Preoccupations | Under the Radar | Music Blog for the Indie Music Magazine
Wednesday, July 17th, 2024  


By Any Other Name

Nov 01, 2016 Issue #58 - The Protest Issue Photography by Alessio Boni Bookmark and Share

In the middle of April, the members of Viet Cong found themselves in an unusual position. It was a little over a year since their self-titled debut had established them as a post-punk buzz band, but they already had their sophomore album exactly how they wanted it: completely mixed, mastered, and its song titles chosen. But they still didn’t know what the name of the band was going to be.

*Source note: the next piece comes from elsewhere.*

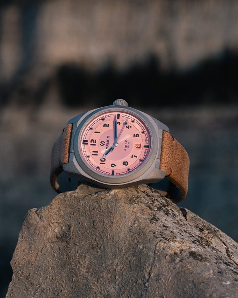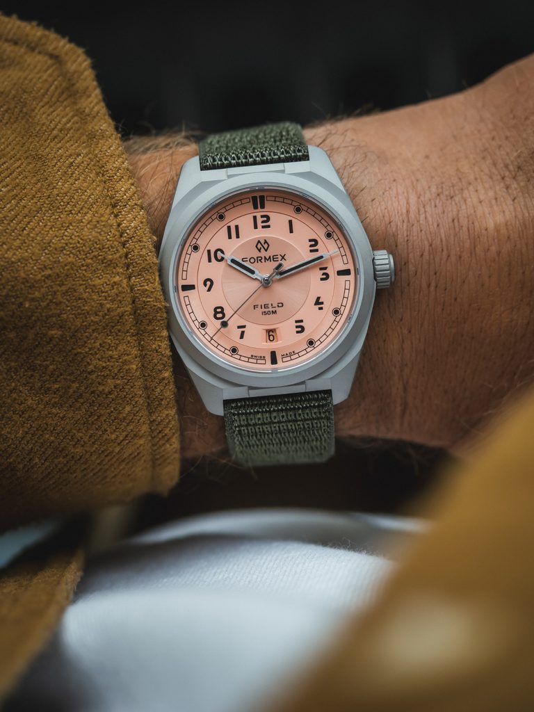 Švajčiarske hodinky Formex Field Automatic Gen 2 Coho Salmon Nylon-Velcro Khaki Green 0660.1.6555.877 stavajú na osvedčených základoch pôvodného modelu Field a predstavujú tri nové výrazné farby ciferníka - ľadovo modrú, čadičovo sivú a lososovú - v rovnakom ultraľahkom a mimoriadne odolnom 40 mm titánovom puzdre. Na prvý pohľad zaujmú nápadným matným puzdrom a výrazným ciferníkom. Ide o moderný pohľad na všestranné hodinky, ktoré sa vyznačujú čistotou a vynikajúcou prehľadnosťou, vďaka čomu si ich obľúbili nielen fanúšikovia hodiniek. Formex poteší všetkých priaznivcov hodiniek svojím detailným spracovaním.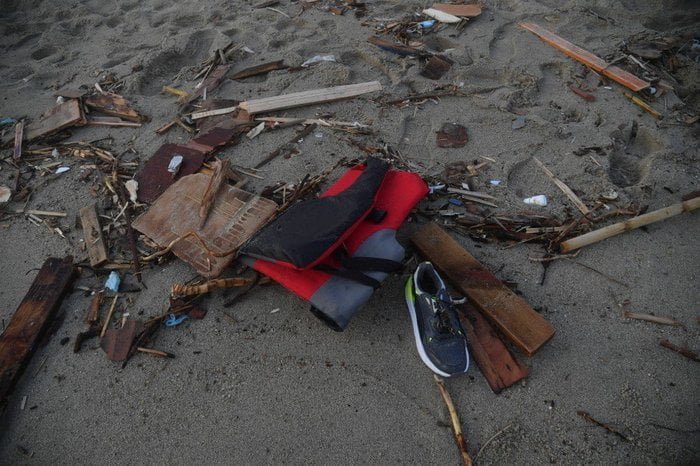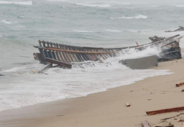 As imagens da polícia italiana mostramdestroços de madeira espalhados ao longo de uma centena de metros da praia, onde muitos socorristas e sobreviventes estavam à espera de serem transferidos para um centro de acolhimento.

Having been confronted by Vietnamese expatriates who had been brutalized by the military regime from whom they had taken the Viet Cong moniker, the Calgary quartet led by vocalist Matt Flegel had spent the previous year pondering just how to rebrand themselves. They compiled list after list of prospective names, soliciting advice from their record label and friends, but on the verge of officially announcing their new release, they still didn’t know.

“We narrowed it down to the final five names,” says multi-instrumentalist Scott “Monty” Munro. “And we had the five names that everyone agreed were fine. And then we went through them, and all of them were already bands except for Preoccupations,” he says with a laugh. “It’s really hard to find band names that aren’t already band names.”

Preoccupations ends up being a perfectly suitable name for the obsessive, darkly churning sound of their self-tiled sophomore release. Though the album came quickly, it did not come easily. Having started their new tracks in 2014 during breaks from touring, Munro, Flegel, multi-instrumentalist Daniel Christiansen, and drummer Mike Wallace scrapped a 70-minute set of 12 songs around Christmas of that year, keeping only two because the others sounded too much like their previous work. Changing their name presented them not only with a problem but an opportunity to see themselves as a new band in a sense.

“I definitely think the Preoccupations record sounds like the same band in a lot of ways,” Munro continues. “The sonics of the record are often different, but I feel like it’s believable as us. There’s a lot more keyboards on this record than last time; there were a lot of keyboards on the last record, too, but they were always buried in with the guitars. There’s plenty of the same kinds of themes on the record before, too. It is pretty dark, although musically I think it’s a little lighter. There is some major key stuff on this record, and there wasn’t really any of that on the last one.”

Appropriately, the sound is one of, well, preoccupation. The textures are thick and engrossing, the writing is broodingly meticulous, and the overall feel is one of seams about to rupture. The song titles tell the tale“Anxiety,” “Monotony,” “Forbidden,” “Fever”adding up to an album that glows with white hot discomfort. No, they chose a perfectly suitable name. Something frivolous just wouldn’t have had quite the same ring of truth, though that doesn’t mean they didn’t consider such options.

“Goofy Buddies was definitely on the table a lot of different times,” Munro recalls. “It was like, ‘Fuck it! Let’s call the band Goofy Buddies. Fuck everyone, Goofy Buddies it is!’ We didn’t go with that one in the end, but I would have been fine being in a band called Goofy Buddies,” he says, then laughs to himself contentedly. “That would have been awesome.”